Upaya China untuk mencapai perdamaian antara Israel dan Palestina kemungkinan besar akan gagal, tetapi Beijing dapat membangun kesan bahwa pengaruh Amerika Serikat (AS) di kawasan itu telah memudar.
Para pakar memprediksi gagalnya upaya untuk menghidupkan kembali perdamaian Timur Tengah, bahkan ketika Beijing menyatakan optimis dapat menghidupkan kembali pembicaraan yang telah terhenti selama hampir satu dekade itu.
Sebelumnya, China berhasil menengahi kesepakatan damai antara Arab Saudi dan Iran pada bulan Maret lalu, memulihkan hubungan diplomatik kedua negara yang terputus 2016. Sekarang Beijing sedang mencoba untuk mengulang pencapaian tersebut dengan memediasi Israel dan Palestina, di mana negosiasi sebelumnya yang ditengahi AS telah dibekukan sejak 2014.
"Saya yakin China siap memainkan peran positif dalam mempromosikan pembicaraan damai" antara Israel dan Palestina, kata Liu Pengyu, juru bicara Kedutaan Besar China di Washington, kepada VOA pada Rabu (19/7).
Perdana Menteri Israel Benjamin Netanyahu mengatakan pada 27 Juni bahwa Beijing telah mengundangnya untuk kunjungan resmi pada tanggal yang tidak ditentukan bulan ini.
BACA JUGA: Di Tengah Gesekan dengan AS, Netanyahu Katakan China Telah Mengundangnya untuk Kunjungan KenegaraanMenteri Luar Negeri China Qin Gang sebelumnya menawarkan untuk menengahi pembicaraan damai melalui pembicaraan telepon ke Menteri Luar Negeri Israel Eli Cohen dan Menteri Luar Negeri Palestina Riyad al-Maliki pada April lalu.
“Beijing semakin berani dengan (keberhasilan) melunaknya hubungan Saudi-Iran, yang telah berlangsung selama berbulan-bulan,” kata Robert Manning, seorang senior fellow di lembaga Stimson Center.
"Tetapi Saudi menggunakan China untuk mengirim pesan ke, dan meningkatkan posisi tawar (leverage) dengan, AS. Jadi Beijing mencapai semacam status di kawasan itu sebagai broker netral yang kredibel. [China] harus seperti itu karena mereka mendapatkan minyak dari Saudi dan Iran," kata Manning.
“Salah satu alasan bagi upaya (perdamaian) Israel-Palestina yang sia-sia [tapi dilakukan oleh Beijing] adalah untuk membuat pernyataan kepada AS bahwa hegemoni AS di Timur Tengah telah memudar dengan cepat ,” tambah Manning.
Hubungan Saudi-AS memburuk karena pemerintahan Biden menuduh Putra Mahkota Mohammed bin Salman menyetujui pembunuhan Jamal Khashoggi pada 2018. Khashoggi adalah jurnalis pembangkang yang melarikan diri dari Arab Saudi dan terus mengkritik pemerintah sebagai kolumnis harian AS, Washington Post.
Pada Juni, Presiden China Xi Jinping menawarkan proposal kepada Presiden Palestina Mahmoud Abbas untuk pembicaraan damai dengan Israel ketika dia berada di Beijing.

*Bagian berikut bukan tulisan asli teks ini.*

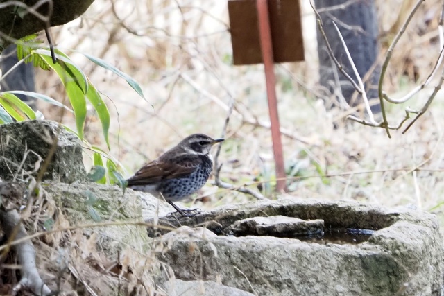 水場ではやっとツグミが出てきた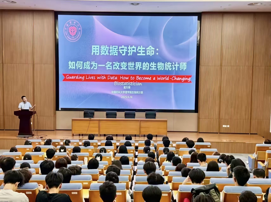 典礼开始,言方荣结合自身求学与科研经历,以《用数据守护生命-—如何成为一名改变世界的生物统计师》为题展开分享。他详细讲解了生物统计师的核心工作内容与实践路径,重点介绍了如何通过大数据技术预测疾病趋势、助力新型药品研发,为重大疾病防控提供科学支撑,为新生搭建起专业认知的初步框架。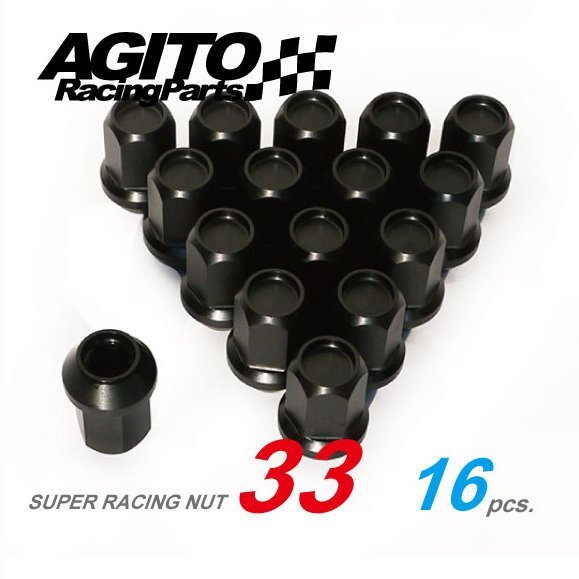 - 【16本】AGITO 非貫通 レーシングナット L33 17HEX M12xP1.5 60°テーパー座 クロモリ/トヨタ マツダ ホンダ 4穴車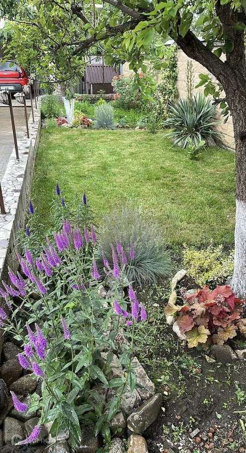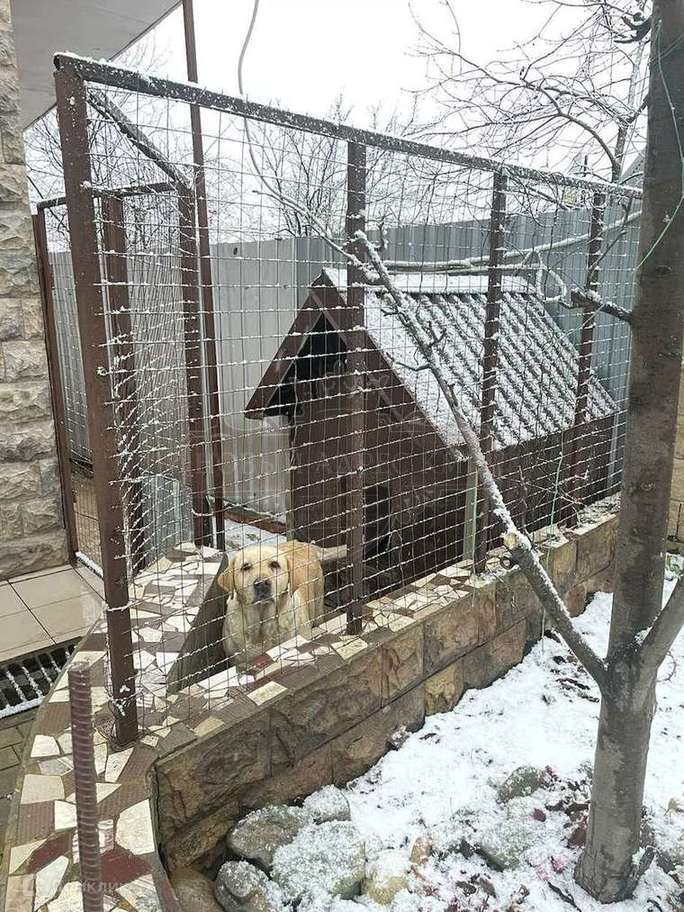 На территории ландшафтный дизайн, газон. Имеется вольер для собаки.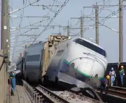 For the first time in its 40-year history, a Shinkansen train derailed while in service, the train being too close to the epicentre to be halted by the automatic UrEDAS earthquake detection system.[13] Eight out of ten cars of the Toki 325 service (a 200 Series Shinkansen train) derailed on the Joetsu Shinkansen line between Nagaoka Station in Nagaoka and Urasa Station in Yamato; no injuries were reported among the 155 passengers. The railbed, bridges and tunnels were all affected. East Japan Railway Company (JR East) stopped all trains in Niigata Prefecture, including the extensively damaged Joetsu Line, Shinetsu Main Line, Iiyama Line, Tadami Line and Echigo Line. Part of Nagaoka Station appeared ready to collapse as a result of an aftershock, but after a brief closure, the station reopened.

Xi mengatakan dia mendukung solusi dua negara.
Termasuk dalam proposal tersebut adalah "pendirian negara Palestina merdeka yang menikmati kedaulatan penuh berdasarkan perbatasan tahun 1967 dan dengan Yerusalem timur sebagai ibu kotanya."
Selama Perang Enam Hari pada 1967, Israel menduduki wilayah tanah yang luas termasuk Tepi Barat dan Jalur Gaza, rumah bagi jutaan orang Palestina yang menganggap mereka bagian dari wilayah mereka.
Palestina telah berusaha untuk mendirikan Tepi Barat dan Gaza sebagai negara merdeka dengan Yerusalem Timur sebagai ibu kotanya. Israel menarik diri dari Gaza pada 2005, tetapi terus menduduki Tepi Barat, memperluas permukimannya ke daerah tersebut, bahkan menyebut seluruh Yerusalem sebagai ibukotanya.
Dalam solusi dua negara, ribuan pemukim Yahudi di Tepi Barat harus pergi, menyerahkan sebagian tanah kepada warga Palestina.
"Keadaan kebuntuan Israel-Palestina tidak berubah, dan China tidak akan berhasil," kata Dennis Wilder, yang menjabat sebagai direktur Dewan Keamanan Nasional untuk China dari 2004-2005 dan saat ini menjadi senior fellow pada "Prakarsa Dialog China-AS untuk Isu-isu Global" di Universitas Georgetown.
"Peluang China menjadi perantara perjanjian damai adalah antara nol sampai 5 persen. Sudah banyak upaya yang dilakukan oleh Amerika Serikat dan lainnya selama beberapa dekade untuk menemukan solusi yang dapat diterima kedua belah pihak dan semua upaya ini telah gagal," lanjut Wilder.
BACA JUGA: Kemlu RI: Serangan Israel Tidak Bisa DibiarkanPekan lalu, pasukan Israel melancarkan serangan terbesar di kamp pengungsi Palestina sejak 2002 di kota Jenin di Tepi Barat.
Jenin adalah kota yang dikelola oleh Otoritas Palestina sejak 1990-an di Tepi Barat yang diduduki Israel.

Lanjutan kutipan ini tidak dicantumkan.